# hello. i'm Maggy.



## maggyx13 (May 18, 2008)

Hello. I'm Maggy. I'm a sophomore, 16yrs old. I do sound, lighting, carpentary. everything. for our musicals i'm stage manager and for plays and events and school stuff i do lights and sound. I love crew.


----------



## PadawanGeek (May 18, 2008)

Hey Maggy, welcome to CB!


----------



## soundop (May 19, 2008)

welcome to the best techie stress release tool on the net


----------



## gafftaper (May 19, 2008)

Welcome to the Booth Maggy. There is a ton of great information in the archives so get to know the search function. Jump in and post. You'll be surprised at how much fun we have around here. 

Standby for a post from Charcoaldabs


----------



## Spikesgirl (May 19, 2008)

I'll add my welcomes to the mix, Maggy. This really is a great place to hang. At lwast you can talk tech here and not have everyone stare at you like you have a third arm coming out of your forehead (although think about it - not such a bad thing).

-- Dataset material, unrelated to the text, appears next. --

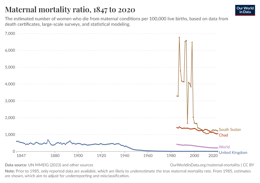 “Data Page: Maternal mortality ratio”, part of the following publication: Max Roser and Hannah Ritchie (2013) - “Maternal Mortality”. Data adapted from UN MMEIG (WHO, UNICEF, UNFPA, World Bank Group and UNDESA/ Population Division), WHO Mortality Database, United Nations, Gapminder. Retrieved from https://archive.ourworldindata.org/20251209-133038/grapher/maternal-mortality.html [online resource] (archived on December 9, 2025).How to cite this data

Ask questions, answer what you can and have fun.


----------



## achstechdirector (May 19, 2008)

hello glad to see there are others around like me 
16 years old and fixen' to be a junior


----------



## gafftaper (May 19, 2008)

A third arm in the forehead could really come in handy while hanging lights or building furniture. Sign me up!


----------



## Van (May 19, 2008)

gafftaper said:


> A third arm in the forehead could really come in handy while hanging lights or building furniture. Sign me up!


 
OOOOOH or holding your pencil when your running the chopsaw. I always put mine behind my ear, then it get sweaty, slide back the back of my neck get's caught on the ponytail holder then pokes me in the back of the head. I hate it when that happens!


Oh Yeah, and Welcome Aboard Maggiex13. Good to get another well rounded Tech. It's good to be able to do a little of everything. Specialization is for graduate school.


----------



## Spikesgirl (May 19, 2008)

Van said:


> Specialization is for graduate school.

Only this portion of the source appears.